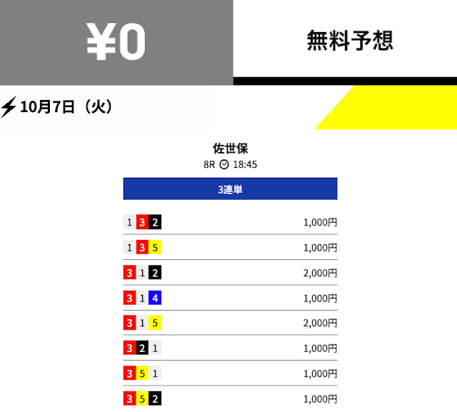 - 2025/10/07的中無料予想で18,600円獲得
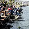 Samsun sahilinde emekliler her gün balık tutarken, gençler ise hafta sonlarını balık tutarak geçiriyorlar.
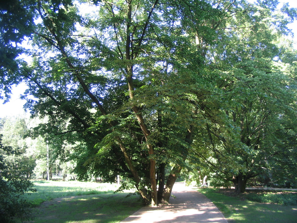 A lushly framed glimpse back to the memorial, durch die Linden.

☆ ☆ ☆ ☆ ☆ ☆ ☆

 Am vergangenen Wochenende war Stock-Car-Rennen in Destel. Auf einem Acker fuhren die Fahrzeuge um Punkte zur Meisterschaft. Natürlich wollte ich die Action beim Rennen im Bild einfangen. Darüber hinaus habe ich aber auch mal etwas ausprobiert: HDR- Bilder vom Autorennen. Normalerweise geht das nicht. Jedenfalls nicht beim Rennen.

☆ ☆ ☆ ☆ ☆ ☆ ☆

- Your objective
Look above for the line holding "- 2025/10/07的中無料予想で18,600円獲得" and output everything from it down to the line holding "A lushly framed", both ends included, exactly and without images.

- Solution
 - 2025/10/07的中無料予想で18,600円獲得
 Samsun sahilinde emekliler her gün balık tutarken, gençler ise hafta sonlarını balık tutarak geçiriyorlar.
 A lushly framed glimpse back to the memorial, durch die Linden.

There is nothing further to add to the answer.